Tax

First British Offshore Centre Joins Son-Of-FATCA

British efforts to banish tax evasion from offshore financial centres moved a step closer with the signing of the first tax treaty.

Dubbed son-of-FATCA, the British tax treaty network embraces former tax havens like the Channel Islands, Cayman Islands and British Virgin Islands.

These financial centres are all British Crown Territories or Dependencies.

Inspired by FATCA, the US Foreign Account Tax Compliance Act, the British financial jurisdiction network will see the automatic exchange of information between financial institutions and tax authorities.

The Isle of Man has already signed the first treaty – described as a huge step towards international tax transparency by Chancellor George Osborne.

Global standard

“We are closing in on anyone trying to hide the money and assets offshore,” he said.

“This treaty is part of an international agenda to make tax transparency clearer. The Isle of Man should be praised as the first financial centre to sign a treaty with Britain.”

The treaty ensures a two-way exchange of financial information between HM Revenue & Customs and the Manx tax authority revealing the income and assets of taxpayers in each jurisdiction to the other.

Similar agreements are also in the pipeline for other offshore financial centres, like Jersey and Guernsey.

On signing the treaty, Isle of Man chief minister Allan Bell said: “We want to show the world that the Isle of Man is a responsible financial centre.

“We are committed to joining a new global standard in the automatic exchange of financial information.”

Federal shutdown

The Isle of Man is also due to sign a FATCA treaty with the US – and would have done so already if the federal government had not closed the government for business.

Not only has the federal shutdown impacted on US government services, FATCA negotiations with around 50 nations have been suspended.

However, during the forced break, financiers across the world have started to realise the full extent of the law.

FATCA demands any financial institution with US taxpayers as clients must report details of their earnings and assets annually – providing they meet the $50,000 holding threshold.

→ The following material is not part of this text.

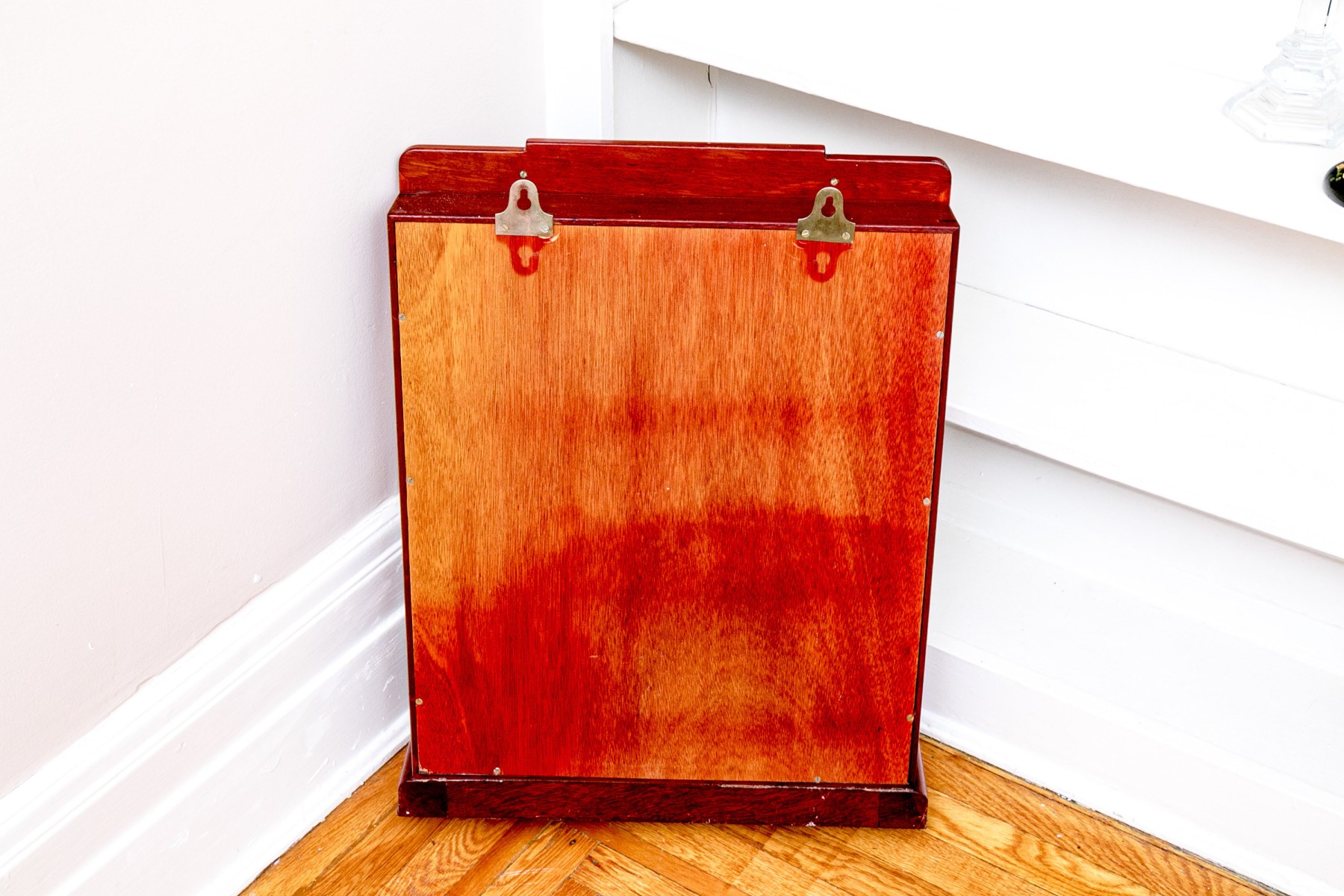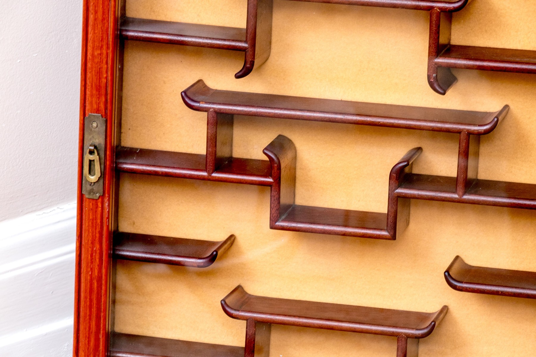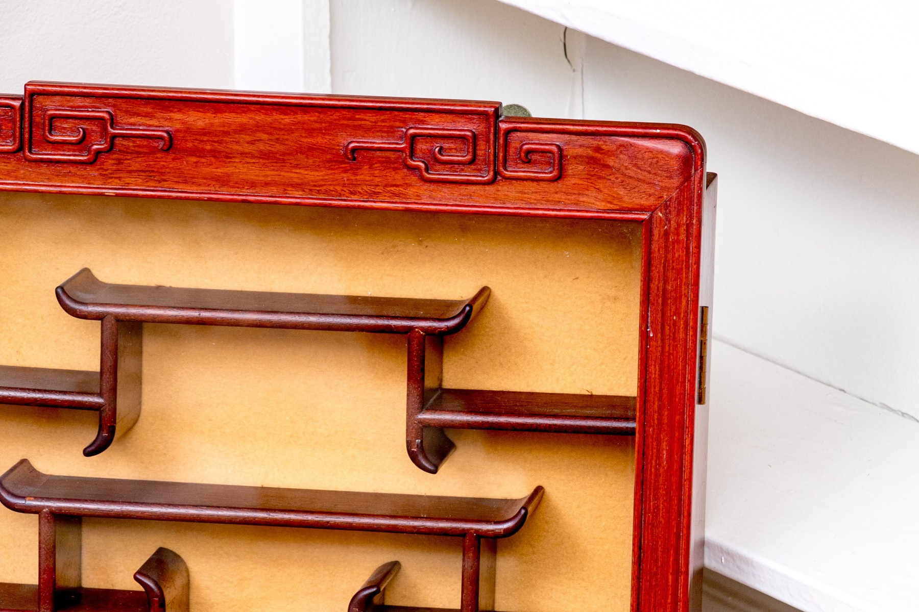 A vintage Chinese wooden wall vitrine, characterized by a scroll-carved pediment and base. The glass door encloses a series of shaped shelves, blending traditional craftsmanship with a functional and stylish display case.

Failing to make the report leads to sanctions like withholding taxes in the US.

But US financial institutions are coming to realise FATCA also has implications for them, as they must identify and report financial information about their clients who are taxpayers of FATCA-compliant nations.

FATCA is due to start on January 2014, with further measures coming into effect from June 2014.

4 thoughts on “First British Offshore Centre Joins Son-Of-FATCA”

  1. Actually, citizens of the Isle of Man are citizens of the Isle of Man, regardless if they have a US passport or not. The same is true for the Channel Islands, Cayman Islands and British Virgin Islands. FATCA attempt to ignore or reject the local nationality of an individual since the US enjoys profiting from the labers of individuals who do not live in the US.

    Reply
    • Actually, it is worse than that. Through FATCA, US will enjoy profiting from the labours of individuals who not only do not live in the US, but whose only US connection is to be married to someone with a US birthplace.

      My spouse is Canadian only, and earns all our household income where we live in Canada. I was born in US to Canadian born parents, but left USA as an infant never to return. My birthplace makes me a ‘US person’, and thus all accounts my husband and I own jointly are subject to FATCA reporting. Since, until recently, I have been unaware of USA’s unique to the world policy of requiring tax returns and FBARS from US born people who live and work outside USA, we can expect huge penalties on all our bank accounts (retirement savings, childrens university savings) that will effectively wipe us out. We are a middle income family with 3 teenage children. This is nothing short of thievery. For shame USA!

      Reply
        • Renunciation of US citizenship comes with a promise of having 5 years worth of tax compliancy. So, technically you can renounce anytime, but you are not off the hook for filing those 5 years prior to your renunciation date.